● **What the task asks**:
Please make an exact copy of the listing, without the pictures.

START The data

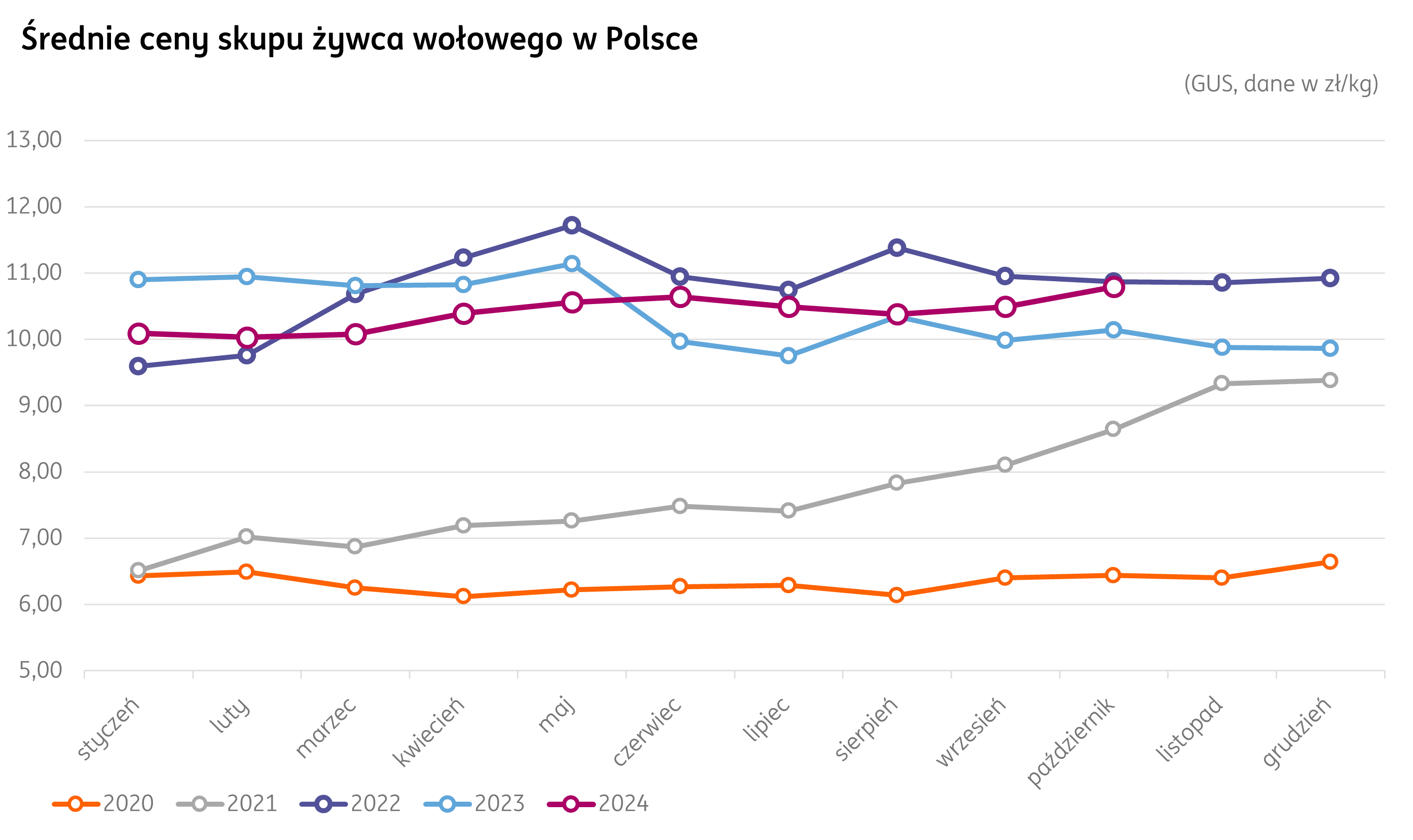W październiku średnie stawki za bydło mięsne drugi miesiąc z rzędu odnotowały wzrost. Cena 10,79 zł/kg jest 30 gr wyższa niż we wrześniu. W stosunku do zeszłego roku bieżący poziom jest wyższy o 65 groszy.
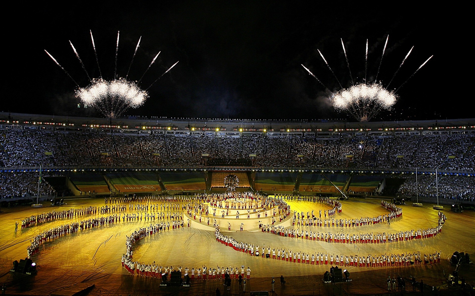 Feux d'artifice au-dessus de l'arène sportive pendant la cérémonie
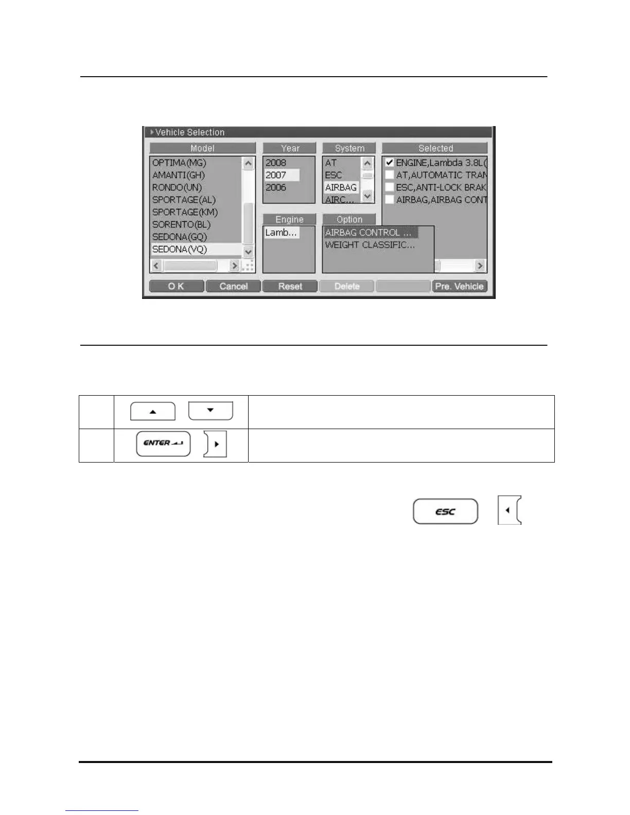 NOTE : During selecting system, when it moves to upper zone than “System” zone (“Model”, “Year”, “Engine”

END The data

● **Task result**:
W październiku średnie stawki za bydło mięsne drugi miesiąc z rzędu odnotowały wzrost. Cena 10,79 zł/kg jest 30 gr wyższa niż we wrześniu. W stosunku do zeszłego roku bieżący poziom jest wyższy o 65 groszy.
 Feux d'artifice au-dessus de l'arène sportive pendant la cérémonie
 NOTE : During selecting system, when it moves to upper zone than “System” zone (“Model”, “Year”, “Engine”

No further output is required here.